(Exercise directions)
Set down the data below without change, skipping the pictures it holds.

(Data block)
↓

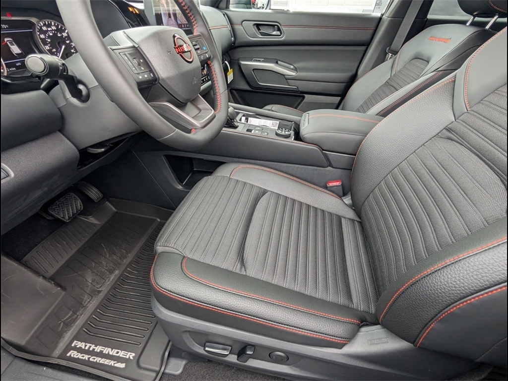 Super Black 2026 Nissan Pathfinder Rock Creek 3.5L V6 DOHC 4WD 4D Sport Utility 9-Speed Automatic * Bluetooth/Handsfree Calling *, * USB Adapter *, Pathfinder Rock Creek 4x4, 4D Sport Utility, 3.5L V6 DOHC, 9-Speed Automatic, 4WD, Super Black, Charcoal Cloth, 3rd row seats: bench, 4-Piece Black Splash Guards, 4-Wheel Disc Brakes, 6 Speakers, ABS brakes, Air Conditioning, Alloy wheels, AM/FM radio: SiriusXM w/360L, Auto High-beam Headlights, Automatic temperature control, Brake assist, Delay-off headlights, Driver door bin, Driver vanity mirror, Dual front impact airbags, Dual front side impact airbags, Electronic Stability Control, Emergency communication system: NissanConnect Services, Four wheel independent suspension, Front anti-roll bar, Front Bucket Seats, Front Center Armrest, Front dual zone A/C, Front reading lights, Fully automatic headlights, Garage door transmitter: myQ Connected Garage, Heated door mirrors, Heated Front Bucket Seats, Heated front seats, Illuminated entry, Knee airbag, Low tire pressure warning, NissanConnect featuring Apple CarPlay and Android Auto, Occupant sensing airbag, Outside temperature display, Overhead airbag, Overhead console, Panic alarm, Passenger door bin, Passenger vanity mirror, Power door mirrors, Power driver seat, Power Liftgate, Power steering, Power windows, Radio data system, Radio: AM/FM Audio System with NissanConnect, Rear air conditioning, Rear anti-roll bar, Rear reading lights, Rear side impact airbag, Rear window defroster, Rear window wiper, Reclining 3rd row seat, Remote keyless entry, Security system, Speed control, Speed-sensing steering, Split folding rear seat, Spoiler, Steering wheel mounted audio controls, Tachometer, Telescoping steering wheel, Tilt steering wheel, Traction control, Trip computer, Variably intermittent wipers, Pathfinder Rock Creek 4x4, 4D Sport Utility, 3.5L V6 DOHC, 9-Speed Automatic, 4WD, Super Black, Charcoal Cloth. Discover the latest in automotive innovation at Mtn View Nissan, a premier destination for new Nissans and a proud member of the esteemed Mtn View Auto Group with locations in Chattanooga, Cleveland, and Dalton, GA. Explore our showroom to find the perfect new Nissan for you, backed by our commitment to excellence and renowned Nationwide Lifetime Warranty. Begin your journey with us today!
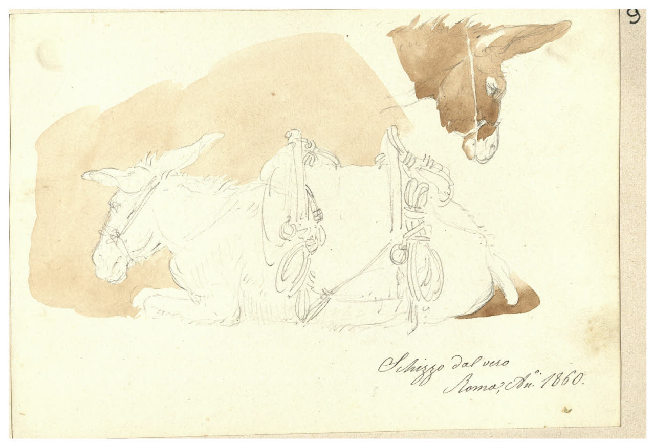 Asino a riposo e muso di asino (Schizzo dal vero Roma 1860)
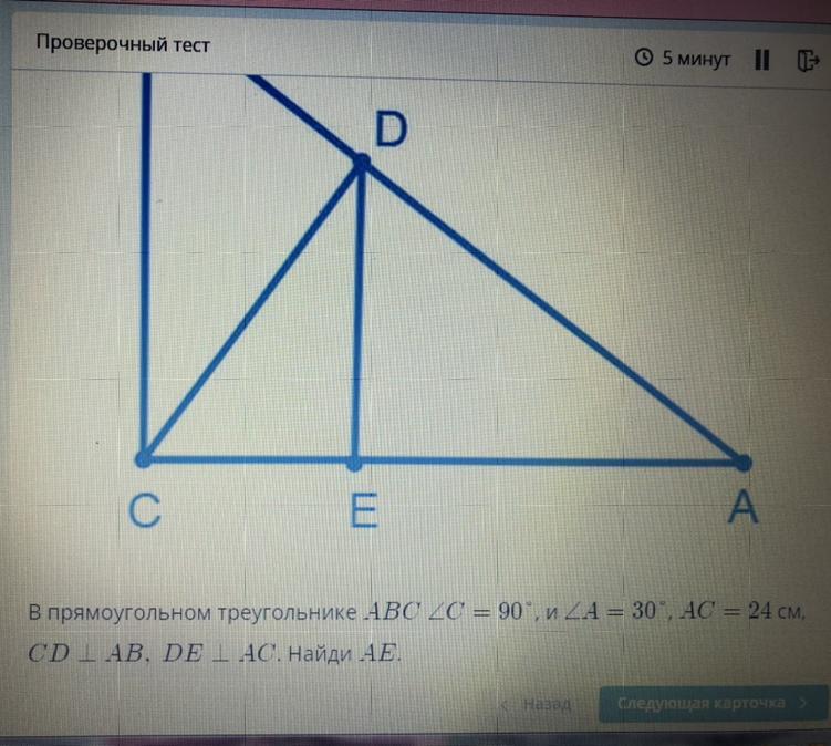 AC является гипотенузой треугольника АСD, по свойства катета мы узнаем что сторона СD будет 12см. сторона CD является гипотенузой треугольника СЕD, соответственно сторона СЕ будет равна 6 см. 24-6=18 см.

↑

(Answer)
 Super Black 2026 Nissan Pathfinder Rock Creek 3.5L V6 DOHC 4WD 4D Sport Utility 9-Speed Automatic * Bluetooth/Handsfree Calling *, * USB Adapter *, Pathfinder Rock Creek 4x4, 4D Sport Utility, 3.5L V6 DOHC, 9-Speed Automatic, 4WD, Super Black, Charcoal Cloth, 3rd row seats: bench, 4-Piece Black Splash Guards, 4-Wheel Disc Brakes, 6 Speakers, ABS brakes, Air Conditioning, Alloy wheels, AM/FM radio: SiriusXM w/360L, Auto High-beam Headlights, Automatic temperature control, Brake assist, Delay-off headlights, Driver door bin, Driver vanity mirror, Dual front impact airbags, Dual front side impact airbags, Electronic Stability Control, Emergency communication system: NissanConnect Services, Four wheel independent suspension, Front anti-roll bar, Front Bucket Seats, Front Center Armrest, Front dual zone A/C, Front reading lights, Fully automatic headlights, Garage door transmitter: myQ Connected Garage, Heated door mirrors, Heated Front Bucket Seats, Heated front seats, Illuminated entry, Knee airbag, Low tire pressure warning, NissanConnect featuring Apple CarPlay and Android Auto, Occupant sensing airbag, Outside temperature display, Overhead airbag, Overhead console, Panic alarm, Passenger door bin, Passenger vanity mirror, Power door mirrors, Power driver seat, Power Liftgate, Power steering, Power windows, Radio data system, Radio: AM/FM Audio System with NissanConnect, Rear air conditioning, Rear anti-roll bar, Rear reading lights, Rear side impact airbag, Rear window defroster, Rear window wiper, Reclining 3rd row seat, Remote keyless entry, Security system, Speed control, Speed-sensing steering, Split folding rear seat, Spoiler, Steering wheel mounted audio controls, Tachometer, Telescoping steering wheel, Tilt steering wheel, Traction control, Trip computer, Variably intermittent wipers, Pathfinder Rock Creek 4x4, 4D Sport Utility, 3.5L V6 DOHC, 9-Speed Automatic, 4WD, Super Black, Charcoal Cloth. Discover the latest in automotive innovation at Mtn View Nissan, a premier destination for new Nissans and a proud member of the esteemed Mtn View Auto Group with locations in Chattanooga, Cleveland, and Dalton, GA. Explore our showroom to find the perfect new Nissan for you, backed by our commitment to excellence and renowned Nationwide Lifetime Warranty. Begin your journey with us today!
 Asino a riposo e muso di asino (Schizzo dal vero Roma 1860)
 AC является гипотенузой треугольника АСD, по свойства катета мы узнаем что сторона СD будет 12см. сторона CD является гипотенузой треугольника СЕD, соответственно сторона СЕ будет равна 6 см. 24-6=18 см.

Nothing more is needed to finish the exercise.